### TASK REQUIREMENTS
What should be copied is the stretch of entries below from the line with "公共空间形成以客厅为核心的L" up to and including the line with "지난달 미국소비자물가지수(CPI)가 예상치보다", exactly and without images.

### Entries taken from a collection
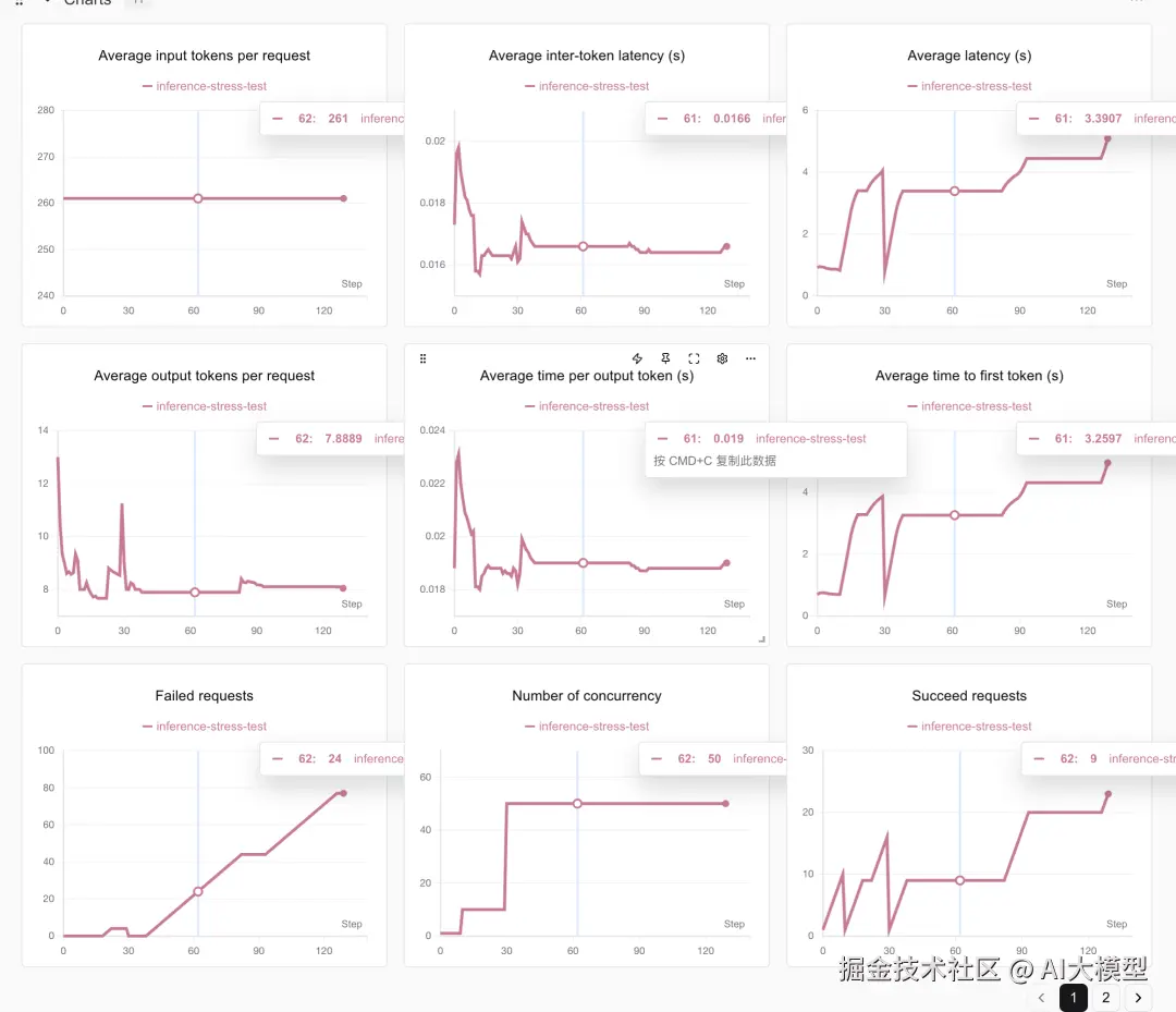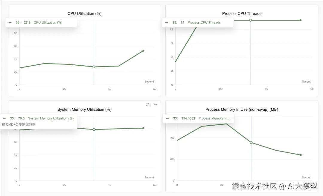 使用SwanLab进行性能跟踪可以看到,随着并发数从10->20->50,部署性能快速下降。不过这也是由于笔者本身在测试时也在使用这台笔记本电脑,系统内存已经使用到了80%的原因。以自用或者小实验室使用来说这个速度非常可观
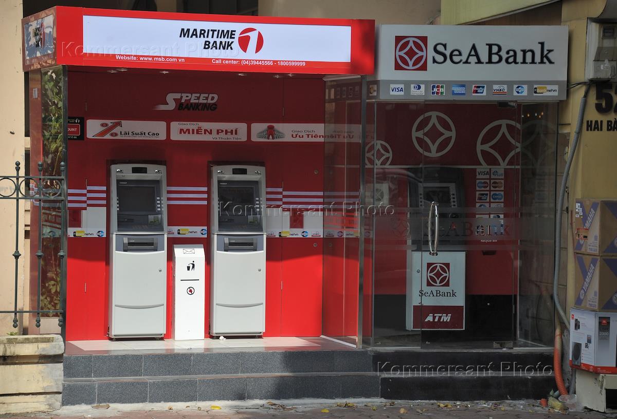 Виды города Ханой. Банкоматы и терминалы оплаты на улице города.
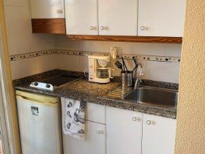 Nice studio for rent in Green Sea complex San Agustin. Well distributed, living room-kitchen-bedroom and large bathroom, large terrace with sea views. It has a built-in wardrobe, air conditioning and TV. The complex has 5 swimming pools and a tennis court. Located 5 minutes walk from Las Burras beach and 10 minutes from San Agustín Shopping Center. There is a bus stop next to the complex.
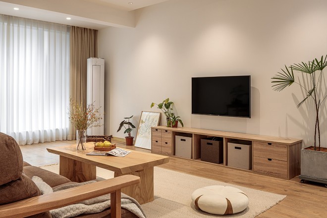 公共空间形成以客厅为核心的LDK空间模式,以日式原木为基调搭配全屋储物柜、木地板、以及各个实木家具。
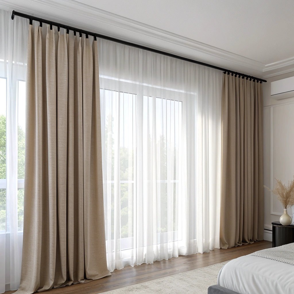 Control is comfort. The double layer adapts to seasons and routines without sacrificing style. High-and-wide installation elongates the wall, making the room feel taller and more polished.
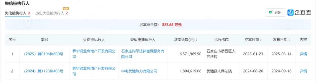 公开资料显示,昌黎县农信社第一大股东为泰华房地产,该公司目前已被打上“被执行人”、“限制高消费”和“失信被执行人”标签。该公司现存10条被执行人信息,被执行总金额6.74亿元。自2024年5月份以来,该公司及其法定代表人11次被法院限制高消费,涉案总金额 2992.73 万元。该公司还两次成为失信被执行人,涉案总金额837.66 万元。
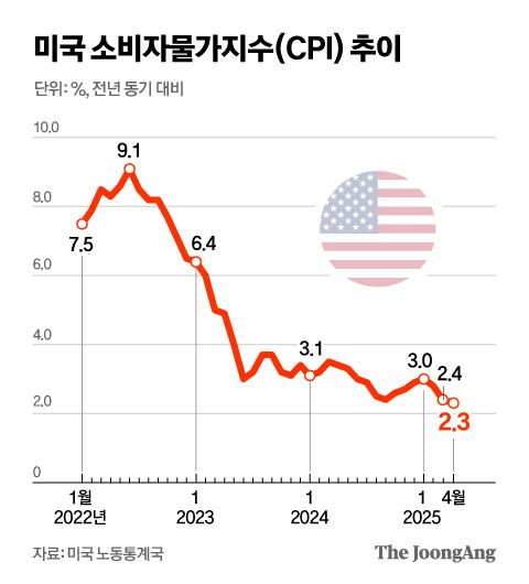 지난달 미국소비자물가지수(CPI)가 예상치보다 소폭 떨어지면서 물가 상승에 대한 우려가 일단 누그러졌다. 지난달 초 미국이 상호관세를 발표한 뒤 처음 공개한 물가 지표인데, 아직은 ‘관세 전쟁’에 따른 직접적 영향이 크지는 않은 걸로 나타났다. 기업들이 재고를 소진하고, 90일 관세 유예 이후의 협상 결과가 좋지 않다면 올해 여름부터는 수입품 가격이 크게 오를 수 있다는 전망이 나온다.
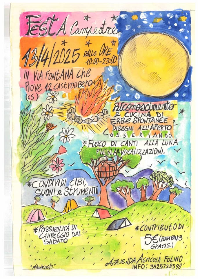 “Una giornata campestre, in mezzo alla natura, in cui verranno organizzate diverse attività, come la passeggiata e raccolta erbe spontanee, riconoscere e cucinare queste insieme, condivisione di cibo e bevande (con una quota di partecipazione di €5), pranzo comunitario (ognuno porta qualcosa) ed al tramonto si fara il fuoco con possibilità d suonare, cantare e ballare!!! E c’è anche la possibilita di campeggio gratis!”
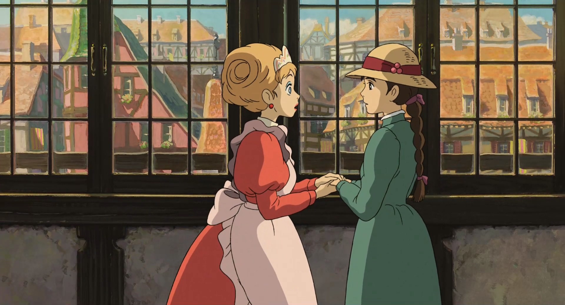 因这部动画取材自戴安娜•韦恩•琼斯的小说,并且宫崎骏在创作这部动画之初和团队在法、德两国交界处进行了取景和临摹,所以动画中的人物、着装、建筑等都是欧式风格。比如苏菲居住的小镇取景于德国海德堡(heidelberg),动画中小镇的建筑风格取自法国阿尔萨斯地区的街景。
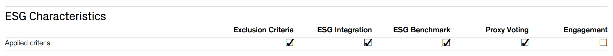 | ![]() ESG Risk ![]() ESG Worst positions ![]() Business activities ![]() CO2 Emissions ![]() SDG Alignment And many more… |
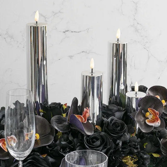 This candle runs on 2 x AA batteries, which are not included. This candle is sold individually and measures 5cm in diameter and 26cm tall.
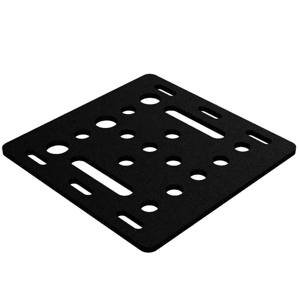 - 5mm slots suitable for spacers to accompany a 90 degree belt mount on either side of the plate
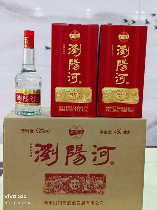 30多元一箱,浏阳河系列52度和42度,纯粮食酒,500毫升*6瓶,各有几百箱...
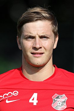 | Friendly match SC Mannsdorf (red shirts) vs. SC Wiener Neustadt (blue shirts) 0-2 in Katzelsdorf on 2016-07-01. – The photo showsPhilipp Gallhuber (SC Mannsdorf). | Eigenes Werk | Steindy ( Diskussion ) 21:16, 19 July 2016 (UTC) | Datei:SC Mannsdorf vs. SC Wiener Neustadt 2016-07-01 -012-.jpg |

### ANSWER SPACE
 公共空间形成以客厅为核心的LDK空间模式,以日式原木为基调搭配全屋储物柜、木地板、以及各个实木家具。
 Control is comfort. The double layer adapts to seasons and routines without sacrificing style. High-and-wide installation elongates the wall, making the room feel taller and more polished.
 公开资料显示,昌黎县农信社第一大股东为泰华房地产,该公司目前已被打上“被执行人”、“限制高消费”和“失信被执行人”标签。该公司现存10条被执行人信息,被执行总金额6.74亿元。自2024年5月份以来,该公司及其法定代表人11次被法院限制高消费,涉案总金额 2992.73 万元。该公司还两次成为失信被执行人,涉案总金额837.66 万元。
 지난달 미국소비자물가지수(CPI)가 예상치보다 소폭 떨어지면서 물가 상승에 대한 우려가 일단 누그러졌다. 지난달 초 미국이 상호관세를 발표한 뒤 처음 공개한 물가 지표인데, 아직은 ‘관세 전쟁’에 따른 직접적 영향이 크지는 않은 걸로 나타났다. 기업들이 재고를 소진하고, 90일 관세 유예 이후의 협상 결과가 좋지 않다면 올해 여름부터는 수입품 가격이 크게 오를 수 있다는 전망이 나온다.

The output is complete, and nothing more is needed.